Exercise goal: Where a picture appears, omit it; repeat everything else in the records exactly.

*** Supplied material ***

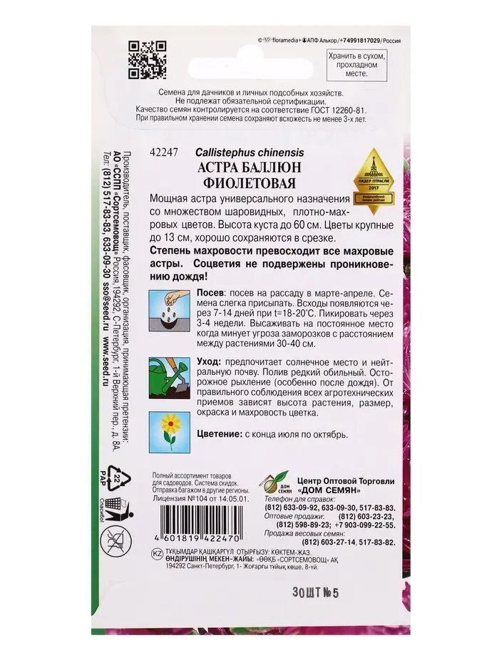 Семена цветов Астра Баллюн фиолетовая 30 шт
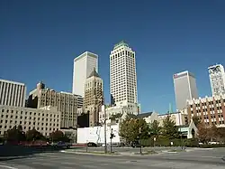 The Oil Capital Historic District was added to the National Register of Historic Places in 2010. Third Street bounds it on the north, Seventh Street on the South, Cincinnati Avenue on the east, and Cheyenne Avenue on the west. This area features many historic Downtown office buildings constructed during the 1920s and 1930s.[2]
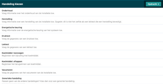 Deze handelingen bepalen wat er moet gebeuren. Alle andere handelingen, inclusief het type “Herstelling” zijn, wat de applicatie betreft, louter informatief. De echte herstelling van een lek kan bijvoorbeeld louter aangetoond worden door een lektest uit te voeren.
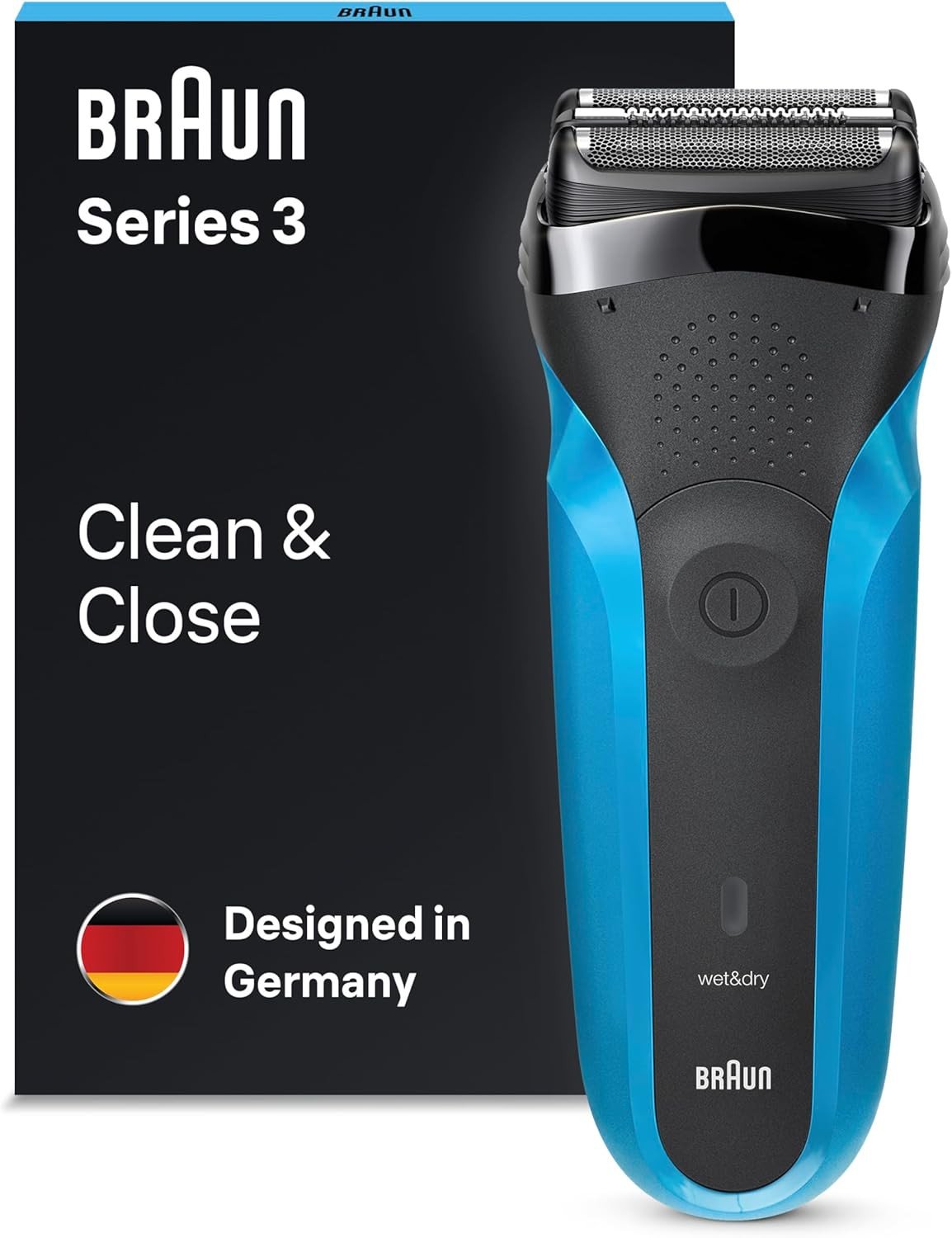 Braun Series 3 Electric Shaver For Men with Precision Beard Trimmer and 5 Combs, Wet & Dry, UK 2 Pin Plug, 310, Black/Blue Razor
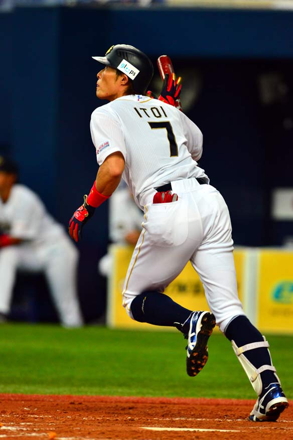 3番 糸井 四球 一度もバットを振ることなくフォアボールを選ぶ 1塁 |
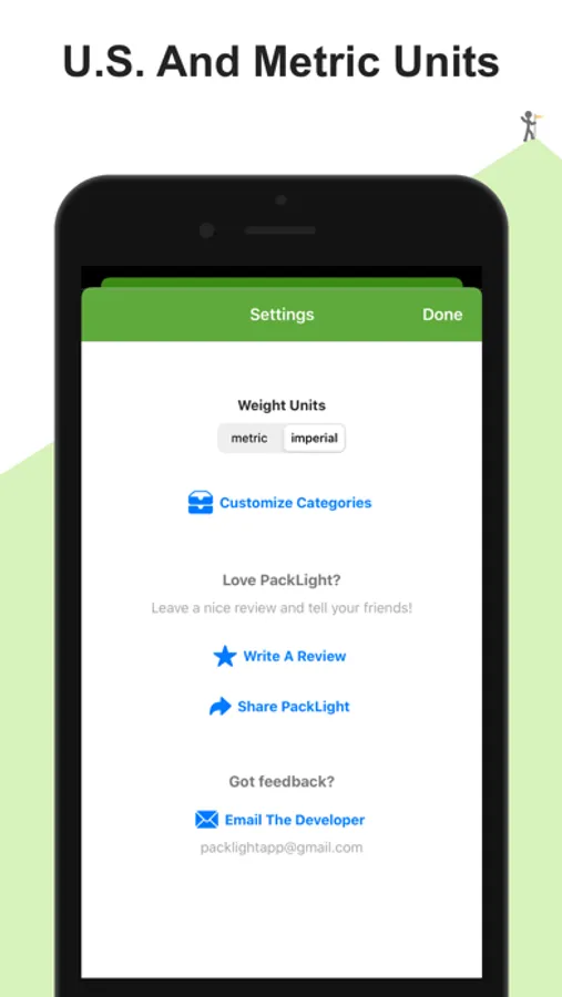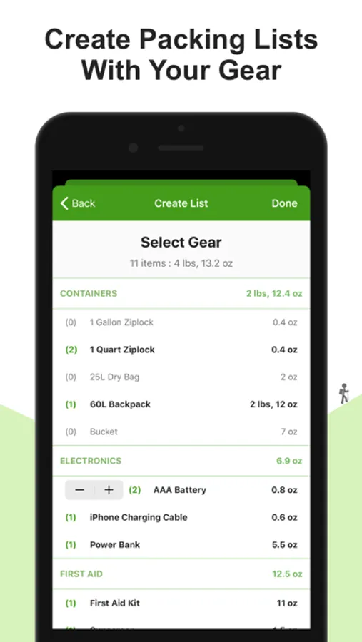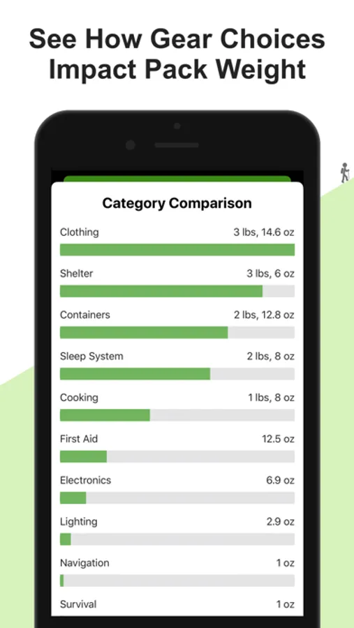 - Get real-time feedback on weight as you build a packing list (total weight and by category).
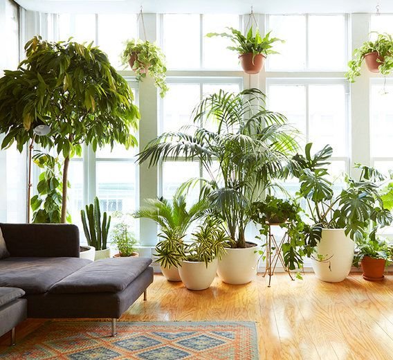 • Indoor jungle corner: Combine a tall fiddle leaf fig, mid-sized ferns, and trailing pothos for a lush corner display.
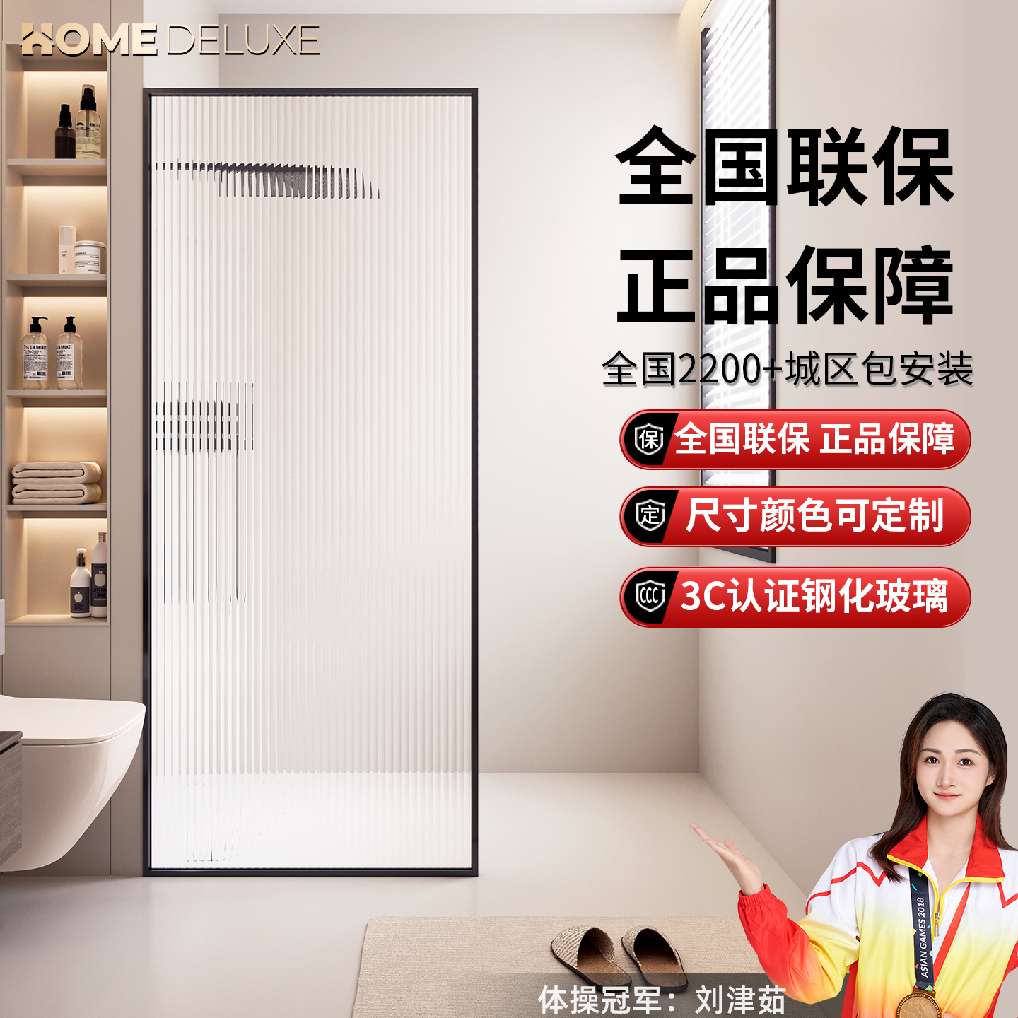 浴室半隔断玻璃门极窄淋浴房浴屏卫生间干湿分离淋浴间洗澡房屏风
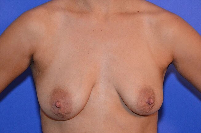 27 year-old mother of two; 5’5” tall, weighing 130 lbs. Patient desired an increased breast volume and a more youthful position and reduction of her areolas. Dr. Armijo performed a single stage, “lollipop” mastopexy and used 415cc Inspira Full Profile Silicone Gel Implants with sub-muscular placement in order to achieve patient’s desired look.
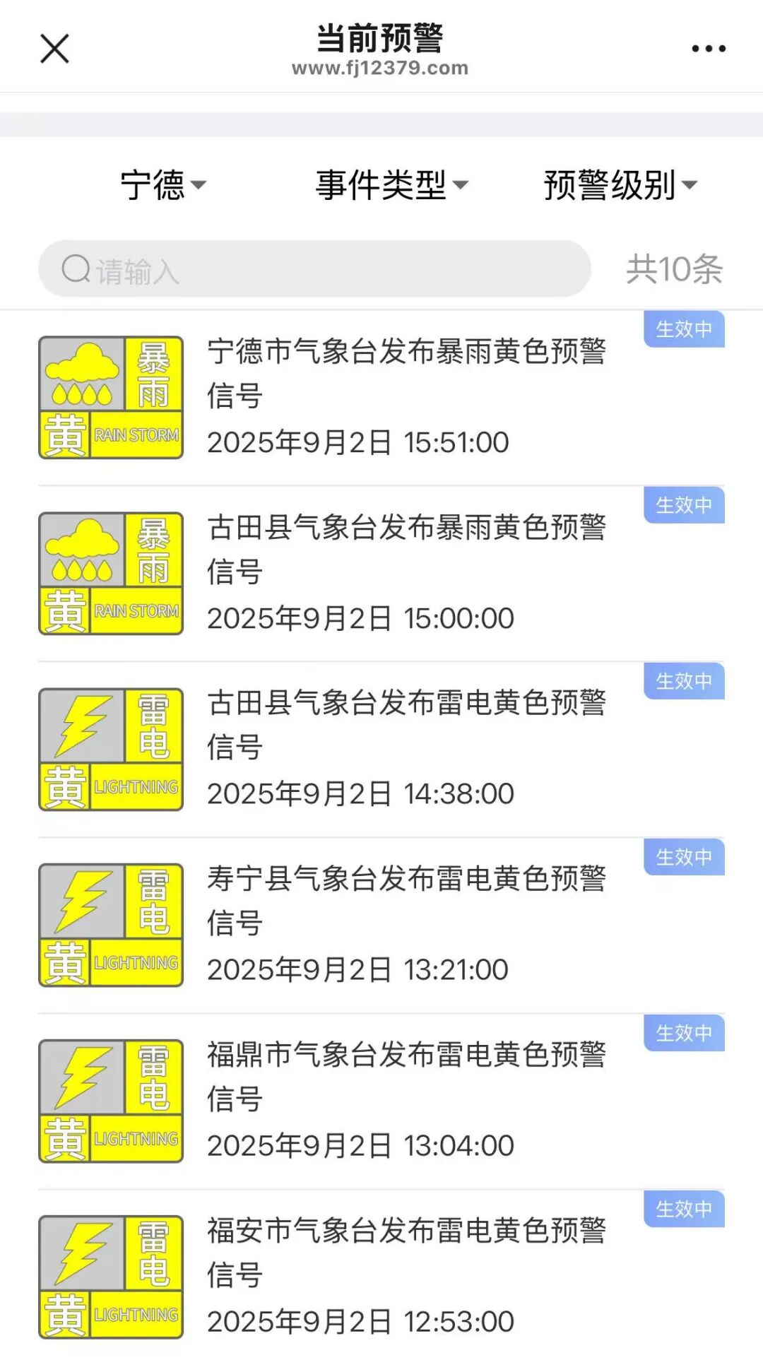今日寧德多地發布暴雨預警
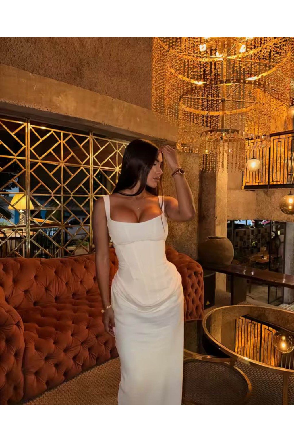 Model zaujme svým hranatým výstřihem, který působí moderně a elegantně zároveň. Ramínkový, bezrukávový střih nechává vyniknout linii ramen a dodává šatům lehkost i jemně svůdný nádech.

*** End of Supplied material ***

Task response:
 Семена цветов Астра Баллюн фиолетовая 30 шт
 The Oil Capital Historic District was added to the National Register of Historic Places in 2010. Third Street bounds it on the north, Seventh Street on the South, Cincinnati Avenue on the east, and Cheyenne Avenue on the west. This area features many historic Downtown office buildings constructed during the 1920s and 1930s.[2]
 Deze handelingen bepalen wat er moet gebeuren. Alle andere handelingen, inclusief het type “Herstelling” zijn, wat de applicatie betreft, louter informatief. De echte herstelling van een lek kan bijvoorbeeld louter aangetoond worden door een lektest uit te voeren.
 Braun Series 3 Electric Shaver For Men with Precision Beard Trimmer and 5 Combs, Wet & Dry, UK 2 Pin Plug, 310, Black/Blue Razor
 3番 糸井 四球 一度もバットを振ることなくフォアボールを選ぶ 1塁 |
 - Get real-time feedback on weight as you build a packing list (total weight and by category).
 • Indoor jungle corner: Combine a tall fiddle leaf fig, mid-sized ferns, and trailing pothos for a lush corner display.
 浴室半隔断玻璃门极窄淋浴房浴屏卫生间干湿分离淋浴间洗澡房屏风
 27 year-old mother of two; 5’5” tall, weighing 130 lbs. Patient desired an increased breast volume and a more youthful position and reduction of her areolas. Dr. Armijo performed a single stage, “lollipop” mastopexy and used 415cc Inspira Full Profile Silicone Gel Implants with sub-muscular placement in order to achieve patient’s desired look.
今日寧德多地發布暴雨預警
 Model zaujme svým hranatým výstřihem, který působí moderně a elegantně zároveň. Ramínkový, bezrukávový střih nechává vyniknout linii ramen a dodává šatům lehkost i jemně svůdný nádech.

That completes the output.